Two of the most intriguing titles of the DC relaunch have been reinterpretations of classic Vertigo characters: Animal Man and Swamp Thing. Not only are the interesting on their own, but they are setting the stage for a shared story: While one hero is the avatar of The Green (or plant life), and the other is in touch with The Red (animal life), they are both at odds with the death-forces of “The Rot”.

One noteworthy thing about these series is how eager they seem to be to distance themselves from the old stories. In direct opposition to the classic Alan Moore status quo, this Swamp Thing starts with Alec Holland as a human, horrified by his memories of being the avatar of The Green. The first time he meets his old love Abby, she points a gun at him. Animal Man, meanwhile, undoes Buddy Baker’s alien-based origin story to make The Red into an elemental force like The Green. However, both still have a lot of obvious love for the classic stories, and there’s arguably nothing more that can be done with the characters without going back to basics here. Both titles have a history of author-mandated changes, anyway: The alterations being made to Swamp Thing now mirror the ones that Moore made when he began his stories, and the classic Animal Man run was a metatextual commentary on how the author can mold the character as desired. So really, I’m happy to judge these by their story quality.
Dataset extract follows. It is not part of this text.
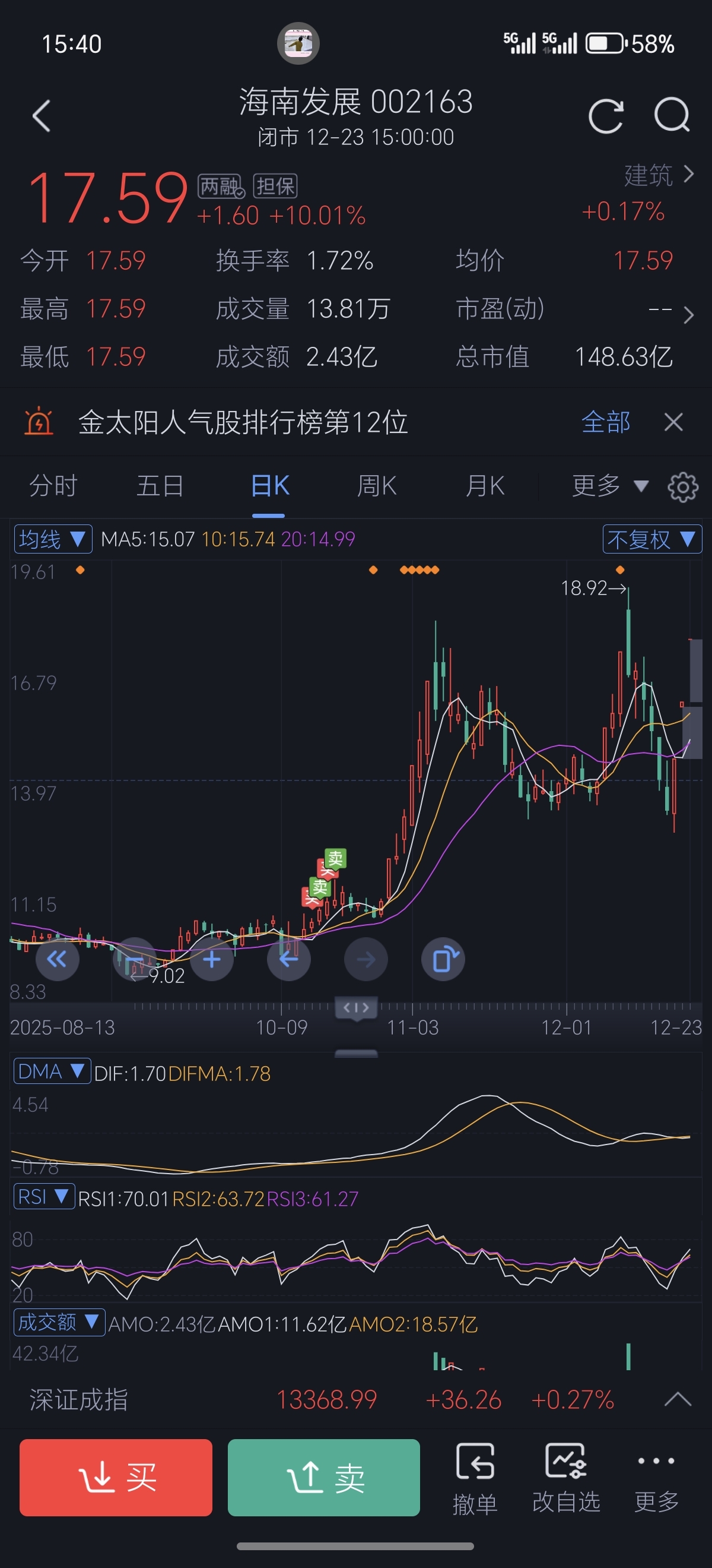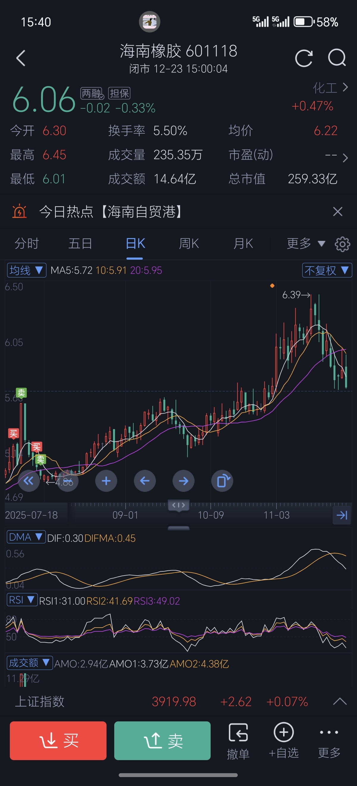$海南发展(SZ002163)$ $海南橡胶(SH601118)$ $海南瑞泽(SZ002596)$ 我该说什么,买的每一只票拿在手里不涨一段时间后直接起飞,看一下交割单每一支票都已经翻倍,常山北明11买十二卖一路涨四十二波也没吃到

That quality is very good. Jeff Lemire’s Animal Man had the best opening issue of any new DC title, managing to establish characters, explain the backstory (without boring readers who already knew it), and lead to the creepy shock that kickstarts this conflict with The Rot. Buddy Baker’s status as a family man is as important to the story as his powers, and the plot has combined those aspects in a way that brings out Animal Man’s strengths. Swamp Thing, meanwhile, is handled by hot new horror writer Scott Snyder, and he mixes in some tense pacing and genuinely disturbing moments with the introductions of the opening issues. A common theme is that the plant world is much more violent and destructive than we give it credit for, but it’s still easy to root for them against some evil agents of The Rot.

The art quality definitely separates the two of them, though. Swamp Thing has lush, beautiful art from Yanick Paquette. Expressive and often featuring creative page compositions, it is appropriate to both the human characters and the plant-based scenes. Animal Man, on the other hand, has sparse, dry artwork by Travel Foreman. The “everyday” scenes are bare and flat to the point of boredom, and sometimes the shapes of the people just feel unnatural. The weirder scenes, as Buddy goes into The Red or the evil “Hunters Three” shift bodies, are mixed. Sometimes they are appropriately strange and visceral, capturing the wet, meaty essence of animal spirits. Other times, though, those images seem incomplete and slightly off.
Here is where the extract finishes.